Months later the fish and game around the lake disappear. Why you might ask? Remember when the asteroid hit the lake? Well it heated up the mud and made a lost and forgotten dinosaur egg hatch. Now they have a Plesiosaur stomping around eating the locals because it is out of fish! It is up to a couple of goofball rednecks, Doc, and the sheriff to protect the citizens from The Crater Lake Monster. And by protect, I mean run away after bullets don’t work. Though they do eventually have a killer dinosaur vs. snowplow battle for the ages.
Time for me to get back to my roots and talk some drive-in movies. Now I never got to see most of these under the stars but instead caught them as they made the rounds of the local late-night horror host shows. The Crater Lake Monster is one of those and I’ve always enjoyed it. This movie gets regularly savaged by critics and fans alike but I just don’t understand the reaction.
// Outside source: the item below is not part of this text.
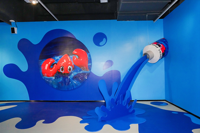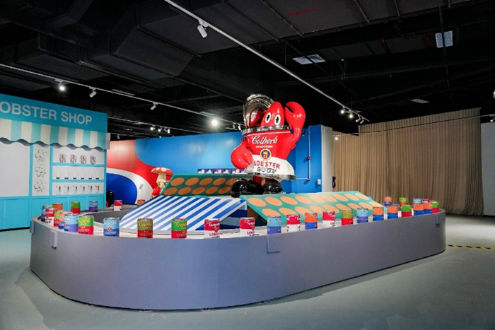 另一件專門為本次展覽創作的作品《龍蝦工廠》,是一則關于消費社會的寓言。傳送帶運送著包裝鮮艷、排列整齊的龍蝦罐頭,機械地、永不停歇地向前滾動著,正如消費時代的縮影。考爾伯特道出創作的本意:“以超現實方式批判現代社會對生產和消費的過度追求?!?/strong>當觀眾逛完展覽,挑選并購買龍蝦限量周邊衍生品時,同時也不經意間完成了這件消費行為藝術的最后一環。

Please allow me to try and convince you why this is a decent movie.
I’m going to start off with the plot. I understand that it might seem a bit forced and unimaginative because much of the movie consists of character A being introduced and immediately going out onto the lake to be eaten. Followed by character B doing the same thing. But having grown up on a steady diet of monster movies as a kid this was a common theme to the genre, so The Crater Lake Monster can’t be blamed for this. We do have some main characters including the very memorable redneck owners of the boat rental, Arnie and Mitch. The pair have some great lines and serve not only as the comic relief but help move the plot along thru their hijinks. While we get a lot of introduce and kill off there are also some that survive long enough to root for. And by the end I think that most viewers will be cheering for them.
One more thing to mention about the plot is that they jump right into the action and never let up. This isn’t one of those terrible movies filled with stock footage or padding, but instead they had a story to tell and action to show. That makes this one a fast and fun time where you will never be watching the clock. I’ve sat thru far too many low budget flicks that meander along and will cure anyone’s insomnia, but this one avoids that pitfall.
|I love the creature effects work!
The coolest thing about the movie are the special effects work used to bring the monster to life. We get some stop motion, rear projection, and a giant rubber head used to make this happen. These are old school effects like they used on the original King Kong. For a lower budget monster movie in the seventies this is some pretty decent work and they do a good job blending the three together. I get that it might seem dated, even when the movie was new, but there is some quality creature work here that should be appreciated.
In addition to the above I’ve always been amused by some of the sillier things in The Crater Lake Monster. For example, the distributor, Crown International, had some financial issues and were unable to finish the movie. That means the blue filter to create the day for night shots weren’t done. Pay attention and you have characters acting like it is dark out while in broad daylight. There is even one scene where an actress talks about how beautiful the stars are tonight while shielding her eyes from the sun. I call this drive-in gold and it makes me love the movie all that much more.
The Crater Lake Monster is a fun bit of cheese that I highly recommend all fans of either monster movies or the drive-in check out. I have a copy on one of those Mill Creek sets and I’m sure it isn’t that hard to find. It is worth the effort, trust me.